◆ Prompt ◆
In the listing below, find the line containing "Pokud hledáte nástroj, který" and the line containing "现实生活中药品可以治病救人,那么在我的世". Repeat exactly those two lines and every line between them, nothing more.

### Data below ###

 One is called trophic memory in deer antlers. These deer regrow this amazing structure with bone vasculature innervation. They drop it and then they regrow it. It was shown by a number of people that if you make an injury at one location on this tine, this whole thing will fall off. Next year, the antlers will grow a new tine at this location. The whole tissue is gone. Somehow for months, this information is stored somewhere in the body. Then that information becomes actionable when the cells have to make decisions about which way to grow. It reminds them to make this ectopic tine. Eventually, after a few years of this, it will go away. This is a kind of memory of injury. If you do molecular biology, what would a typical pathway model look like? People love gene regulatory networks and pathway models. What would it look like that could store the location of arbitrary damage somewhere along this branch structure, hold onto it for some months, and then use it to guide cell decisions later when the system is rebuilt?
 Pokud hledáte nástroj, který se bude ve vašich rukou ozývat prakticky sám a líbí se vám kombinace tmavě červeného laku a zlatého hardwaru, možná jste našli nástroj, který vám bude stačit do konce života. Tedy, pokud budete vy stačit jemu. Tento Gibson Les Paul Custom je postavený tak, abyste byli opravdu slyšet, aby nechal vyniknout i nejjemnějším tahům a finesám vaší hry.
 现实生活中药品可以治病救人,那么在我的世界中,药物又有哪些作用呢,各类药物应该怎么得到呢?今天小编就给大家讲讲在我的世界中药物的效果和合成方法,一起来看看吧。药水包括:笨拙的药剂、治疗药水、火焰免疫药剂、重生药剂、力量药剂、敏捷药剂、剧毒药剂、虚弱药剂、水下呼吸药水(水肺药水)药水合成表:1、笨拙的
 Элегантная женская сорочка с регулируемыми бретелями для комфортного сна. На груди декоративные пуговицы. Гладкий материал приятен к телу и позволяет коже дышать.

###

◆ Answer ◆
 Pokud hledáte nástroj, který se bude ve vašich rukou ozývat prakticky sám a líbí se vám kombinace tmavě červeného laku a zlatého hardwaru, možná jste našli nástroj, který vám bude stačit do konce života. Tedy, pokud budete vy stačit jemu. Tento Gibson Les Paul Custom je postavený tak, abyste byli opravdu slyšet, aby nechal vyniknout i nejjemnějším tahům a finesám vaší hry.
 现实生活中药品可以治病救人,那么在我的世界中,药物又有哪些作用呢,各类药物应该怎么得到呢?今天小编就给大家讲讲在我的世界中药物的效果和合成方法,一起来看看吧。药水包括:笨拙的药剂、治疗药水、火焰免疫药剂、重生药剂、力量药剂、敏捷药剂、剧毒药剂、虚弱药剂、水下呼吸药水(水肺药水)药水合成表:1、笨拙的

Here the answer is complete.